A “bankruptcy petition preparer” is defined in the Bankruptcy Code as a non-attorney “who prepares for compensation a document for filing.” Hudena James helped prepare a Chapter 7 bankruptcy petition for debtor Edward Guidry. After Guidry had some problems concerning a property where his estranged wife was living, he tried to convert the bankruptcy case to a Chapter 13 to stop the property from being sold, but the conversion fell through.
Guidry later told the court that he'd been “ill-advised” by James to attempt the conversion. The bankruptcy court ordered James to explain why he offered legal advice to the debtor in violation of the Bankruptcy Code via an order to show cause.

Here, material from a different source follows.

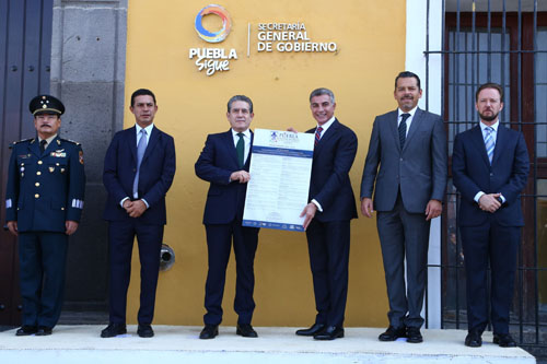 Inician en Puebla actividades del mes Patrio - Presiden la ceremonia solemne de izamiento de Bandera y la primera guardia de honor al Lábaro Patrio - El mandatario colocó el Bando Solemne alusivo a las fiestas patrias en el Palacio Municipal y en las sedes de los tres Poderes del Estado 3 Septiembre 2018

James denied that offered the debtor legal advice, claiming that the debtor was just upset and blamed James for the issues with the property. But in a written response to the court, James said he helped the debtor prepare the motion to convert the case. James later claimed this was just a typo by his wife, and that he had only helped prepare the Chapter 7 petition.

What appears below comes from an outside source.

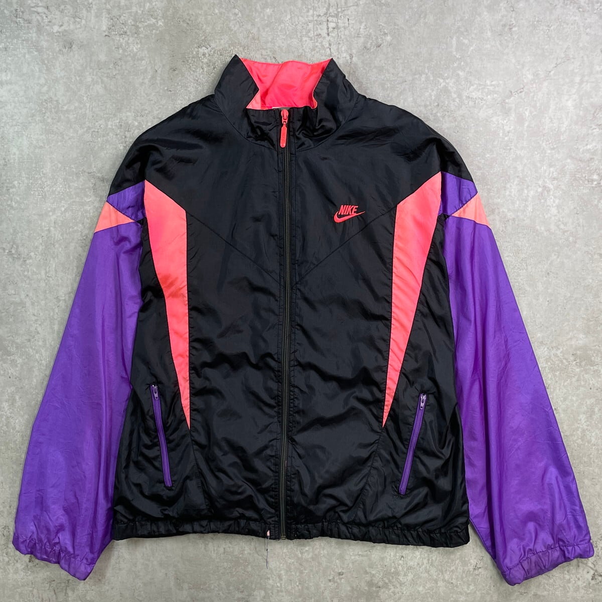 90年代 NIKE ナイキ 銀タグ 切替デザイン ナイロンジャケット メンズL相当 古着 90s VINTAGE ヴィンテージ ワンポイントロゴ刺繡 ブラック パープル サーモンピンク【ナイロンジャケット】/マルチカラー

The bankruptcy court wasn't convinced, and found that James did in fact help prepare the conversion motion. It further found that he violated the Bankruptcy Code by not listing his name, address, and Social Security number on the motion. The court ordered him to disgorge his $200 fee and fined him $500.
The district court first noted that the bankruptcy court's order to show cause only discussed the Bankruptcy Code provision that prohibits a bankruptcy petition preparer from offering legal advice. But the bankruptcy court actually found that James had violated a separate provision by not identifying himself as someone that assisted on the conversion motion.
The district court said this “total change in the basis for his alleged misconduct” was a violation of James's due process rights. The fact that James wasn't given a chance to cross-examine the debtor about his claims that James advised him to convert his case was also a due process violation, the court found.
The court also pointed out that there was no evidence that James took more money from the debtor other than the $200 he was paid for preparing the petition. Therefore, the court said, even he did help with the conversion motion, he wasn't a petition preparer under the code if he didn't charge money for that service, and thus not subject to sanctions.
Also, the debtor's statements about James weren't made under oath, and therefore they weren't formal evidence. The court found the same to be true regarding James's statements to the court.
Finally, the bankruptcy court also relied on the fact that James signed the proof of service for the conversion motion as evidence that he helped prepare the conversion motion.
“It is not beyond the realm of possibility that Mr. James served the conversion motion but was not involved in preparing the motion itself,” the court said. The court said this confusion over James's involvement “underscored” the need for an evidentiary hearing in this case, which the bankruptcy court neglected to hold. The bankruptcy court's order was therefore reversed.